Anaraki Maryam Pourkamali, Sadeghi Mehdi
Department of Computer Engineering, Science and Research Branch, Islamic Azad University, P.O. Box 14515/775, Tehran, Iran.
National Institute of Genetic Engineering and Biotechnology, P.O. Box 14965/161, Tehran, Iran; School of Biological Sciences, Institute for Research in Fundamental Sciences, Tehran, Iran.
Int J Comput Biol Drug Des. 2014;7(4):358-68. doi: 10.1504/IJCBDD.2014.066543. Epub 2014 Dec 25.

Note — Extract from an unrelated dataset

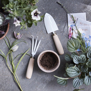 The palm-sized garden trowel and cultivator are a durable duo perfect for tending to an apartment garden, houseplants, and planting and transplanting seedlings. A great size for little green thumbs too. Both tools are hand-crafted, using Japanese sustainable beech wood for the handles and Japanese stainless steel blacksmith heat treatments and techniques.

Availability of complete human genome is a crucial factor for genetic studies to explore possible association between the genome and complex diseases. Haplotype, as a set of single nucleotide polymorphisms (SNPs) on a single chromosome, is believed to contain promising data for disease association studies, detecting natural positive selection and recombination hotspots. Various computational methods for haplotype reconstruction from aligned fragment of SNPs have already been proposed. This study presents a novel approach to obtain paternal and maternal haplotypes form the SNP fragments on minimum error correction (MEC) model. Reconstructing haplotypes in MEC model is an NP-hard problem. Therefore, our proposed methods employ two fast and accurate clustering techniques as the core of their procedure to efficiently solve this ill-defined problem. The assessment of our approaches, compared to conventional methods, on two real benchmark datasets, i.e., ACE and DALY, proves the efficiency and accuracy.
完整人类基因组的可用性是基因研究探索基因组与复杂疾病之间可能关联的关键因素。单倍型作为单条染色体上的一组单核苷酸多态性(SNP),被认为包含用于疾病关联研究、检测自然正选择和重组热点的有价值数据。已经提出了各种从SNP比对片段重建单倍型的计算方法。本研究提出了一种基于最小错误校正(MEC)模型从SNP片段中获取父本和母本单倍型的新方法。在MEC模型中重建单倍型是一个NP难问题。因此,我们提出的方法采用两种快速准确的聚类技术作为其过程的核心,以有效解决这个定义不明确的问题。与传统方法相比,我们的方法在两个真实基准数据集即ACE和DALY上的评估证明了其效率和准确性。